I have 2 acres and the Cub Cadet site has their info on the 1000 series posted online. No negative anything. I find that hard to believe. Anyone have any negative experiences with the 1000 series?


----------



## Hoodoo Valley (Nov 14, 2006)

Never owned one personally, but welcome to the forum! Do you happen to own one?


----------



## wjjones (May 28, 2010)

I have a friend that got the gt1554 and it is a pretty good tractor, he had a little trouble but it turned out to be his fault for putting dirty/watered gas in the tank. The TSC store he got it from fixed it under warranty anyway though.


----------



## lsmurphy (Sep 12, 2008)

I went through 3 1050s from HD. This got me into the older Cubs. Look for 782 or other.

The trannies of the 1000s will not hold up on the hills of TN.

Scott


----------



## wjjones (May 28, 2010)

Yep the older cubs are for sure alot better than the new mowers of today, as lsmurphy said the geared trannys are much better than a hydro. I would say no matter what brand of mower it is the older generations where much better.


----------



## diesel_nut (Apr 10, 2009)

I'd say 2 acres is too much for a 1000 Series. The newer LTX seems like a better tractor than the 1000 Series was.

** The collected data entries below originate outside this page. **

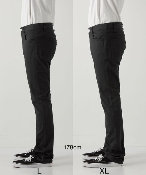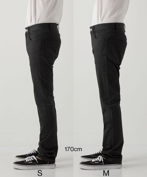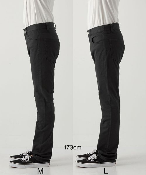 細身シルエットながら、適度に伸縮するポリウレタンの繊維を混ぜた素材でストレッチがあり、はき心地のよさも魅力。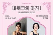 경북팩트뉴스 남유신 기자 | 안동문화예술의전당의 올해 브런치 콘서트는 바로크에서 근현대에 이르기까지, 클래식 음악이 걸어온 시간을 따라가는 시대별 시리즈로 구성된다. 매월 둘째 주 수요일 아침에 진행되는 이번 시리즈의 첫 무대, 〈바로크의 아침Ⅰ – 바흐와 헨델의 칸타타〉가 오는 3월 11일 오전 11시 안동문화예술의전당 백조홀에서 열린다. 바로크 시대를 대표하는 작곡가 요한 제바스티안 바흐와 게오르크 프리드리히 헨델의 작품을 통해 바로크 음악 특유의 정교한 구조와 풍부한 선율, 섬세한 표현을 만날 수 있다. 연주는 바로크 오보에 신용천, 바로크 바순 김혜민을 중심으로 하프시코드 아렌트 흐로스펠트가 함께하는 ‘서울바로크 앙상블’과 소프라노 윤지가 참여해 바로크 특유의 섬세한 표현과 음색을 선보인다. 특히 바로크 관악기의 부드러우면서도 깊이 있는 음색과 하프시코드의 섬세한 화성이 어우러져 당시 음악의 음향적 특징을 생생하게 전달할 예정이다. 또한 이준형 평론가가 해설로 참여해 작품의 배경과 음악적 특징을 쉽고 흥미롭게 풀어내며, 클래식 음악을 처음 접하는 관객부터 애호가까지 누구나 부담 없이 공연을 즐길 수 있는 시간이 될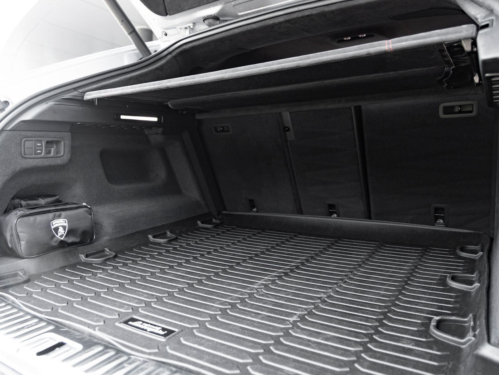 Step inside and the Nero Ade interior welcomes you with a perfect balance of luxury and sport. Featuring a Bicolor Sportivo interior, full electric comfort seats, and contrast stitching, the cabin is both driver-focused and exceptionally refined. Open pore wood inserts and embroidered Lamborghini logos add an elevated touch of craftsmanship, while features like rear seat entertainment and ambient lighting ensure comfort for every passenger.

For 2 acres you might check out the 2500 Series. That is what I have. Plenty of tractor!


----------



## wjjones (May 28, 2010)

Is that 2500 series a 60" cut?


----------



## diesel_nut (Apr 10, 2009)

2500 Series goes up to 54". Can get a 60" in the 3000 Series.


----------



## BERMUDA KEN (Jul 23, 2010)

If you want a big deck and power steering, you have to get a 3000 series cub cadet. ONLY the 3000 series have power steering and they are heavier built than the others too. 

The 1000 series are for city lots. The 2000 series I rate at 1 acre or less for mowing. If you have more than 1 acre, get a 3000 series. The 3000 series are NOT cheap to buy, but they are a much better overall value than the 1000 series or 2000 series.

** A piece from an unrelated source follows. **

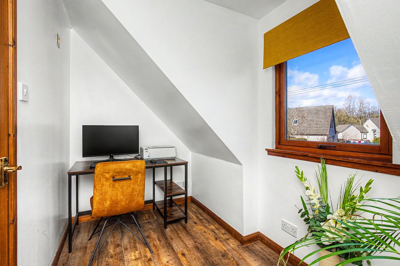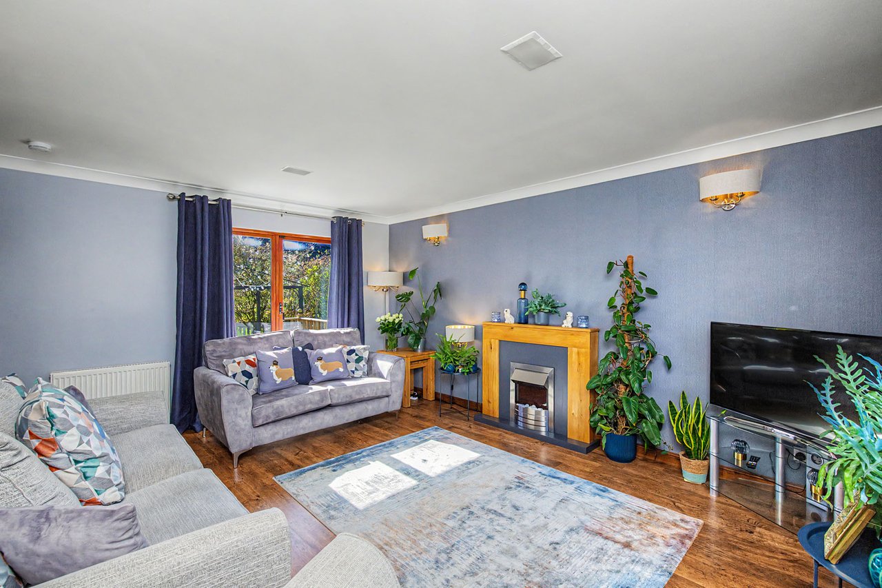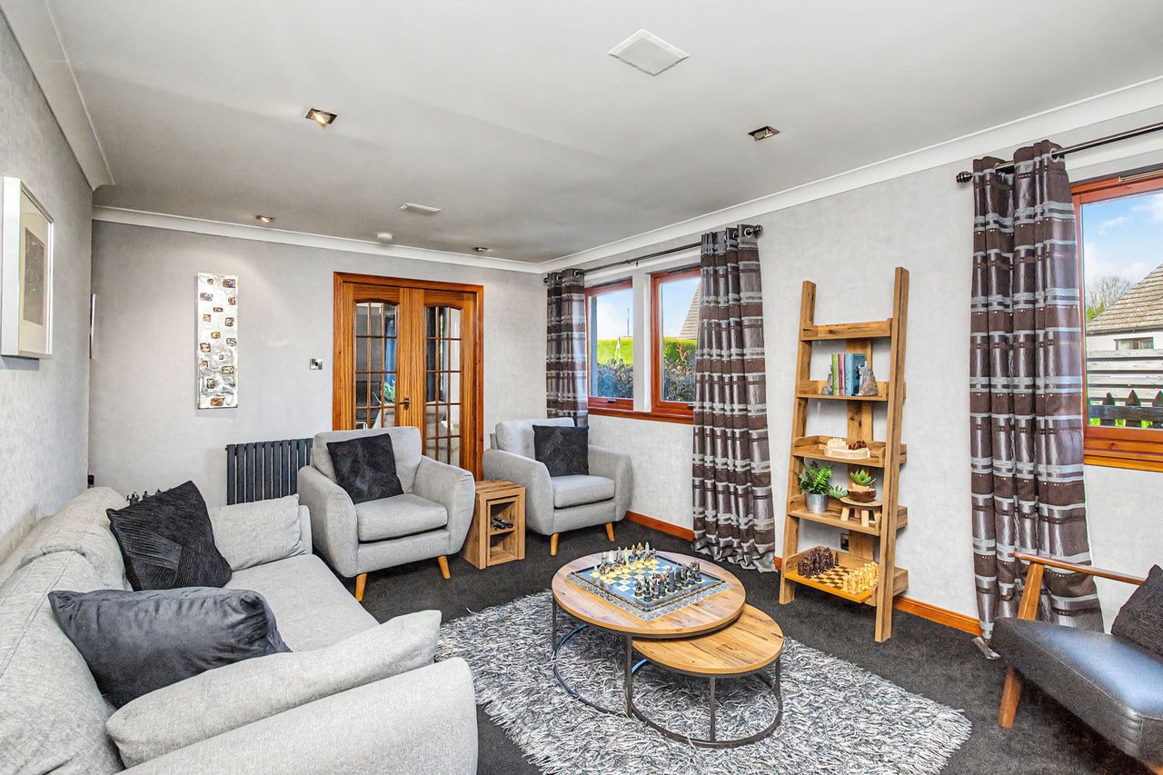 This attractive semi-detached home occupies a corner plot in an established residential setting in Finavon, offering spacious and versatile family accommodation. The property opens with a hall with a storage cupboard and a guest WC, leading to a sunny living room with patio doors, a sitting room, and an open-plan kitchen/dining area with utility room, as well as a comfortable principal bedroom with a built-in mirrored wardrobe and an en-suite shower room. Upstairs, the home features three further bedrooms with storage, an office, and a four-piece bathroom with freestanding tub. Externally, there are private gardens with a deck and seating areas, along with a private driveway and garage. Extras: All fitted floor and window coverings, light fittings, and integrated appliances are included.

If you are have the old IH built Cub Cadet garden tractors and are looking for its modern day equivalent, only the 3000 has the features that are equivalent to the old ones.


----------



## lsmurphy (Sep 12, 2008)

Or you could just build ya one. Now with a 50c deck and mows real nice all day long.

Scott


----------



## diesel_nut (Apr 10, 2009)

I think 'Bermuda' is pushing it a bit.
I'd say 1 acre or less: LTX
1-3 acres: 2500 Series
3-5 acres: 3000 Series
Over 5 acres: find a used real tractor with a Woods mower.

Cub Cadet site says:
up to 3 acres: LTX
up to 5 acres: 2500
up to 7 acres: 3000


I have 2 acres(perfectly smooth yard) and the 2500 is more than enough.

In fact the 2500 is much more than enough. Best buy in lawn tractors.

If I did a LOT of yard work, snow plowing/blowing, etc, I'd have the 3000 Series in a heart beat.


----------